=== Exercise goal ===
The reply should match the listing below character for character, except that no image is carried over.

** Data extract follows **

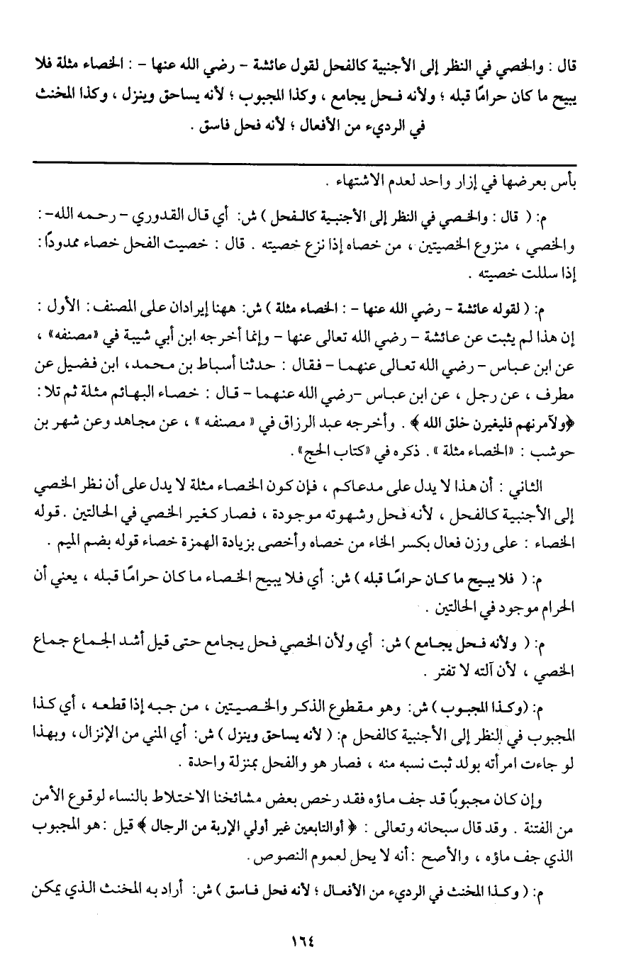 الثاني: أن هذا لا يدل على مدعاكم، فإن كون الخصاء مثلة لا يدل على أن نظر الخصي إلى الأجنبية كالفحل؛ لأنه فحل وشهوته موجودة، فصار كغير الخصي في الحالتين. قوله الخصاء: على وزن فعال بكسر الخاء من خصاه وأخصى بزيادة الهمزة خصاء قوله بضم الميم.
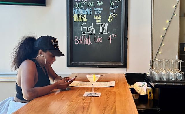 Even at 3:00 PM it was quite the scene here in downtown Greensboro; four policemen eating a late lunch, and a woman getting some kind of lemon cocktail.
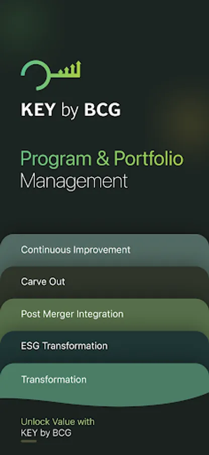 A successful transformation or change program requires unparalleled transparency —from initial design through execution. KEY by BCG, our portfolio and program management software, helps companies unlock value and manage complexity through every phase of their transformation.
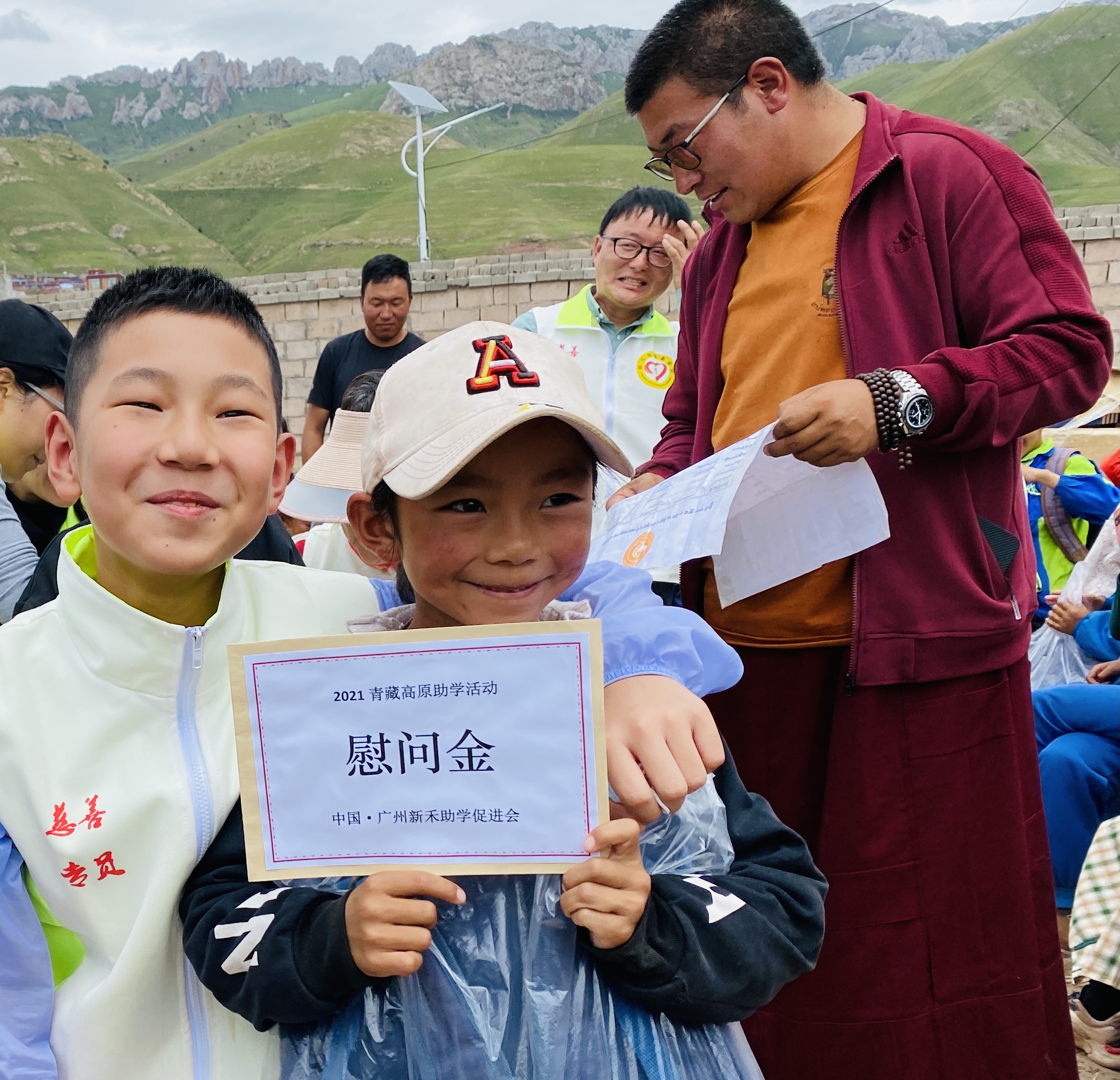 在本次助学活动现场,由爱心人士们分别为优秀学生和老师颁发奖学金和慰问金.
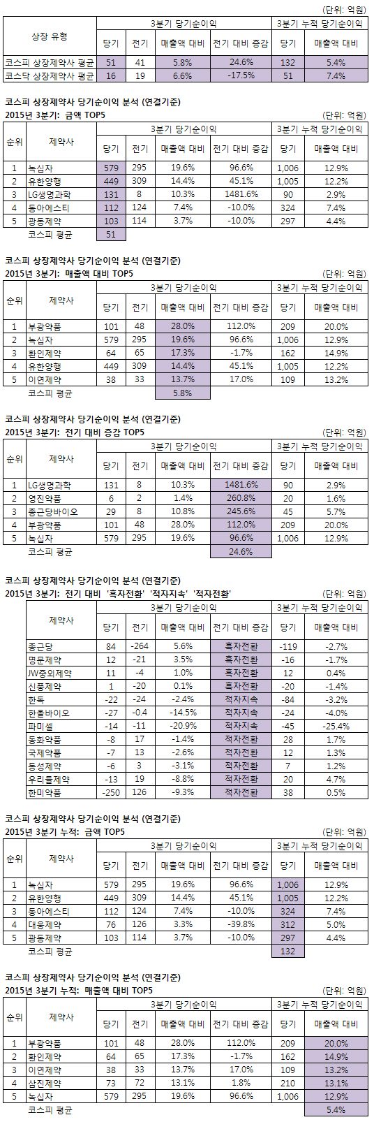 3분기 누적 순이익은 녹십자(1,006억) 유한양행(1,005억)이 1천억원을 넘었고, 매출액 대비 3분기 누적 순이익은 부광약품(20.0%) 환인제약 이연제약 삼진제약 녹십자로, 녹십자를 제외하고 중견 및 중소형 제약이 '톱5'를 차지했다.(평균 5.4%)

** End of Data extract **

=== Solved problem ===
 الثاني: أن هذا لا يدل على مدعاكم، فإن كون الخصاء مثلة لا يدل على أن نظر الخصي إلى الأجنبية كالفحل؛ لأنه فحل وشهوته موجودة، فصار كغير الخصي في الحالتين. قوله الخصاء: على وزن فعال بكسر الخاء من خصاه وأخصى بزيادة الهمزة خصاء قوله بضم الميم.
 Even at 3:00 PM it was quite the scene here in downtown Greensboro; four policemen eating a late lunch, and a woman getting some kind of lemon cocktail.
 A successful transformation or change program requires unparalleled transparency —from initial design through execution. KEY by BCG, our portfolio and program management software, helps companies unlock value and manage complexity through every phase of their transformation.
 在本次助学活动现场,由爱心人士们分别为优秀学生和老师颁发奖学金和慰问金.
 3분기 누적 순이익은 녹십자(1,006억) 유한양행(1,005억)이 1천억원을 넘었고, 매출액 대비 3분기 누적 순이익은 부광약품(20.0%) 환인제약 이연제약 삼진제약 녹십자로, 녹십자를 제외하고 중견 및 중소형 제약이 '톱5'를 차지했다.(평균 5.4%)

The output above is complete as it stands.